Page MenuHomePhabricator

AbuseFilter API "aflprop=details" should allow querying finer grained variables
Open, In Progress, Needs TriagePublicFeature

Description

This makes it easier to analyze past hits like this without returning old wikitext and new wikitext which makes queries less efficient.

Related Objects

Event Timeline

It might be useful to provide some examples of what you mean by "querying finer grained variables" 🙂

TheresNoTime changed the subtype of this task from "Task" to "Feature Request".Jul 16 2022, 4:28 PM

So for the software that analyzes past hits, I only needed specific variables (other fields are ignored when parsing the json response) It would be nice if there is some sort of afldetailsprop that allows selecting specific variables such as {add,remov}ed_lines to reduce bandwidth usage.
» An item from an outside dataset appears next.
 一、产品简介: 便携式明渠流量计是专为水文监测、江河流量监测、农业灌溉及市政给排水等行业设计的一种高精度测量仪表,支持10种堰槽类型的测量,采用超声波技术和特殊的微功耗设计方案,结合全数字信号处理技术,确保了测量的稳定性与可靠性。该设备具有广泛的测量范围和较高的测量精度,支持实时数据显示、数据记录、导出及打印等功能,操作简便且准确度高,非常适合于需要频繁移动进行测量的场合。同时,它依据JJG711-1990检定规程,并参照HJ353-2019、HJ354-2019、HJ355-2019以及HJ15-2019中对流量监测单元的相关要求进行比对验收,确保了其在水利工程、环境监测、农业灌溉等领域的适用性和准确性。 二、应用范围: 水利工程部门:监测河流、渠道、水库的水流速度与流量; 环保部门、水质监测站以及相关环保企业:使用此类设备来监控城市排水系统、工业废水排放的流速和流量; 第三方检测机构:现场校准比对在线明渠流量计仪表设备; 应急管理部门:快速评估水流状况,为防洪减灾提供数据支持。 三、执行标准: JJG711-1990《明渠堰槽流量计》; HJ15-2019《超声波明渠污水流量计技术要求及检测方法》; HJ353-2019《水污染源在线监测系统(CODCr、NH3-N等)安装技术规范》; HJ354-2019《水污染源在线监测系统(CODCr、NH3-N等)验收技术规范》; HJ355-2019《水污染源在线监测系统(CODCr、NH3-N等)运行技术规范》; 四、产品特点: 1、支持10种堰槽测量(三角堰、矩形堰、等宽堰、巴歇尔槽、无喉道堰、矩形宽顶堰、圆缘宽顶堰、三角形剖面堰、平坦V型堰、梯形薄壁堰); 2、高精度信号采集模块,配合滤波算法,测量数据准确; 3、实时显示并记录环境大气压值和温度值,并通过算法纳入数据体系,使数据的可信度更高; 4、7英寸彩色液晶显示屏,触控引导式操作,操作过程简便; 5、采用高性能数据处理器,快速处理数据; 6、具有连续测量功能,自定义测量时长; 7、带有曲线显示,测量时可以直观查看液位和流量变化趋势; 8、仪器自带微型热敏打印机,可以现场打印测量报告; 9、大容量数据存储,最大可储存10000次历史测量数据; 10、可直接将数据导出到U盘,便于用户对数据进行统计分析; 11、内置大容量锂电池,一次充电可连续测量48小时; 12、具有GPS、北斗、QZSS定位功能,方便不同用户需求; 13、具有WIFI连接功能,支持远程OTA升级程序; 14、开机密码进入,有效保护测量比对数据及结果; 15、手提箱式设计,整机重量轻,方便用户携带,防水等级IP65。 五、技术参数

So, something like the iiextmetadatafilter parameter for prop=imageinfo? I agree this would be useful. A typical filter hit is around 100 KB, and some filters on enwiki get tens of thousands of hits in a year. It would be nice to find out which parts of the filter are actually matching anything, without downloading gigabytes of data.

Supporting brotli compression (T137979), at least for API, might also help here.
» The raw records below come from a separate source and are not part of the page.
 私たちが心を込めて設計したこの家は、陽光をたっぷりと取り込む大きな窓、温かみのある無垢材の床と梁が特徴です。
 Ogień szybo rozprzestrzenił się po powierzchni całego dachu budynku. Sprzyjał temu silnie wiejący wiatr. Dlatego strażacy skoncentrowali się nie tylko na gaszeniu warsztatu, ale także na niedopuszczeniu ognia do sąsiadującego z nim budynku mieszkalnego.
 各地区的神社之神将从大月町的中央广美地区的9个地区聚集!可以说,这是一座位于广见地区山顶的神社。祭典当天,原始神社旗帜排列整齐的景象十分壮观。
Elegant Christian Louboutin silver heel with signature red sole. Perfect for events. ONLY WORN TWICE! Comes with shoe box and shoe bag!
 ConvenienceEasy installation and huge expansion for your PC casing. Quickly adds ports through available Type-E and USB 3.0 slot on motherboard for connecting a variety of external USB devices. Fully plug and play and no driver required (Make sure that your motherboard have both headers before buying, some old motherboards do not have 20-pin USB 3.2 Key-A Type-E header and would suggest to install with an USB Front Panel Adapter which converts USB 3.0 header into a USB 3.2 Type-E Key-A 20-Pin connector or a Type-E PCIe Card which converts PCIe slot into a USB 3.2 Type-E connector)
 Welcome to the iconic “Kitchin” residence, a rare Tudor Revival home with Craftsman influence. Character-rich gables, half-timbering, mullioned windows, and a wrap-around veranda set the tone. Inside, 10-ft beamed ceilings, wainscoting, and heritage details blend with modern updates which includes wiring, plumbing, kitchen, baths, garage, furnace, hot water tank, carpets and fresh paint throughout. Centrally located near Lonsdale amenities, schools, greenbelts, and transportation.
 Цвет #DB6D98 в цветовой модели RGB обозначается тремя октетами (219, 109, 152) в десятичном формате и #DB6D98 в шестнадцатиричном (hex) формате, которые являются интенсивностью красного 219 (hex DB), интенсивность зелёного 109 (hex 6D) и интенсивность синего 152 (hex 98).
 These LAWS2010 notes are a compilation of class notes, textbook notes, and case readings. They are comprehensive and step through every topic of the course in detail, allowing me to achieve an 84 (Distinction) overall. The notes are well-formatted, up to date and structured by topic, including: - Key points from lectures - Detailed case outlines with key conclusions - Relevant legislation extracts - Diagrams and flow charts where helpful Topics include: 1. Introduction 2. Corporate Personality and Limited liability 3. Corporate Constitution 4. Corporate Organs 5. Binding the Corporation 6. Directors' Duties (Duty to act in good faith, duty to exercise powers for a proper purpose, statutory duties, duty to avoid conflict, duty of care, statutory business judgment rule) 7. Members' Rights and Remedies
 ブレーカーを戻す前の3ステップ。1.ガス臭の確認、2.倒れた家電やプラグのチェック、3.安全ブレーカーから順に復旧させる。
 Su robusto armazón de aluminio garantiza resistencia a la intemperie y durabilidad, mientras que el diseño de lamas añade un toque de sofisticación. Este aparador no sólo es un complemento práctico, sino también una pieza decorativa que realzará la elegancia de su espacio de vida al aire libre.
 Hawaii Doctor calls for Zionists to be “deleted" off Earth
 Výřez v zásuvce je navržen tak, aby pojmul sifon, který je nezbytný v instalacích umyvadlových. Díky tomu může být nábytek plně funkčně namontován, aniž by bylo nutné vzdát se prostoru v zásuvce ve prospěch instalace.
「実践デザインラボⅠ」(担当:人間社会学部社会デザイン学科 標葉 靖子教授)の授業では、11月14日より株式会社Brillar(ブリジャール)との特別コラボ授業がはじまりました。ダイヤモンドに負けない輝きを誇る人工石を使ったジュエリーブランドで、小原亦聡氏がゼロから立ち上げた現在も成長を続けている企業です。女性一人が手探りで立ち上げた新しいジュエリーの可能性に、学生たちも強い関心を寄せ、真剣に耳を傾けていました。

+1 for this. Working with the API to inspect past hits, I often encounter the following warning, even with very low limits (less than 50):

This result was truncated because it would otherwise be larger than the limit of 12,582,912 bytes.

Because of this, I have to implement in my script a test for this warning, then when required, rerun the query with an even lower limit.
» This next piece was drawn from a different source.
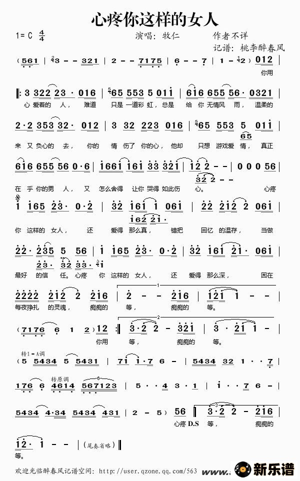 《心疼你这样的女人》简谱 牧仁-桃李醉春风制谱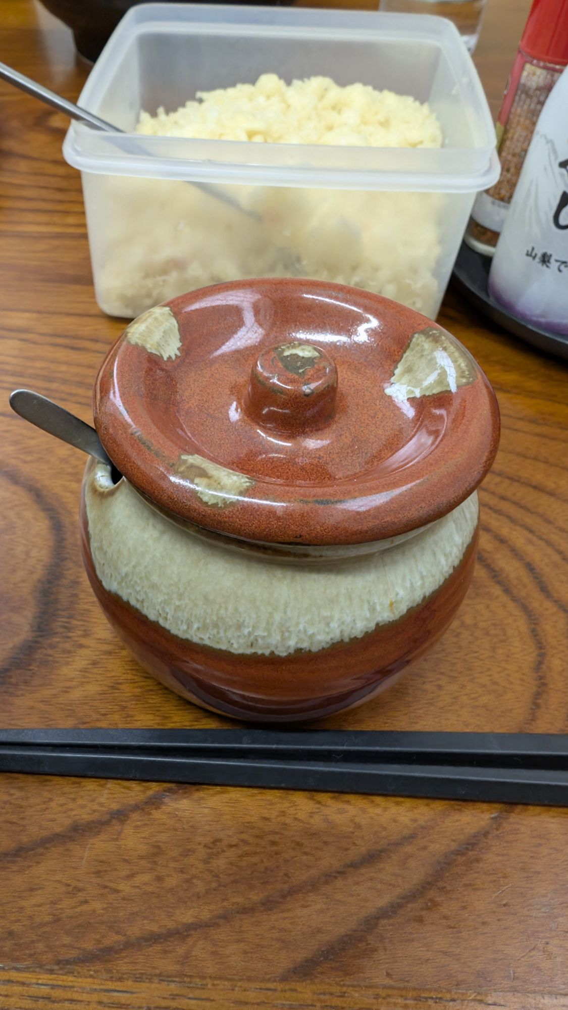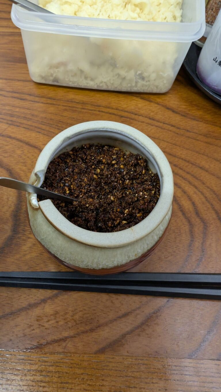うどんに薬味を入れるんですがこれも独特で各お店でそれぞれの薬味があります。「スリダネ」と言い、七味、山椒、胡麻、辣油、等をすり合わせてうどんにぶち込みます。

And it makes checking thousands of hits quite slow, whereas I could leverage the limit of 500 (and even 5,000 as a sysop).

Change 915406 had a related patch set uploaded (by Matěj Suchánek; author: Matěj Suchánek):

[mediawiki/extensions/AbuseFilter@master] Support vars selection via list=abuselog

https://gerrit.wikimedia.org/r/915406

matej_suchanek changed the task status from Open to In Progress.May 6 2023, 10:20 AM
matej_suchanek claimed this task.

Alternatively, could also a "negative mode" be implemented?

Namely, the variables that are responsible for the huge API responses are old_wikitext and new_wikitext. Therefore, a negative mode would be an additional user-friendly way of drastically reducing the size of the API responses.